● Task to carry out: In the listing below, locate the line containing "[10월 31일 출고]" and the line containing "Billy is non-releasable". Output both of them and every line between, exactly as written, and nothing more.
*** Opening Records for the task ***
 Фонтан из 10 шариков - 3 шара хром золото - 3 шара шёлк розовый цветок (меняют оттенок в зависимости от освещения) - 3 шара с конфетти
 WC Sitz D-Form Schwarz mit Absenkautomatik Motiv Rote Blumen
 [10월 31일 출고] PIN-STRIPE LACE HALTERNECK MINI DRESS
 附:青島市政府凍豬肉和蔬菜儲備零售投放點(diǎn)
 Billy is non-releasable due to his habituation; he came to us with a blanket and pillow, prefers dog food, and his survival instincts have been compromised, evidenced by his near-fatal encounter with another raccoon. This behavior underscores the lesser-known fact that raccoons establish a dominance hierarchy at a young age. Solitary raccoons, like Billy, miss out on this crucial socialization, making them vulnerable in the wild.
*** Closing Records for the task ***
*** Opening Records for the task ***
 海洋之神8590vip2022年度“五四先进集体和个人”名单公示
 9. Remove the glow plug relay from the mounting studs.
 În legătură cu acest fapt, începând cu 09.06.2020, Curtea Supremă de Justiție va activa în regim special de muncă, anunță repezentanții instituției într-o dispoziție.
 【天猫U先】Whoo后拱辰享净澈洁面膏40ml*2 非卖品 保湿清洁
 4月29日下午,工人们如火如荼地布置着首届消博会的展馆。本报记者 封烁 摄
*** Closing Records for the task ***
● The completed task:
 [10월 31일 출고] PIN-STRIPE LACE HALTERNECK MINI DRESS
 附:青島市政府凍豬肉和蔬菜儲備零售投放點(diǎn)
 Billy is non-releasable due to his habituation; he came to us with a blanket and pillow, prefers dog food, and his survival instincts have been compromised, evidenced by his near-fatal encounter with another raccoon. This behavior underscores the lesser-known fact that raccoons establish a dominance hierarchy at a young age. Solitary raccoons, like Billy, miss out on this crucial socialization, making them vulnerable in the wild.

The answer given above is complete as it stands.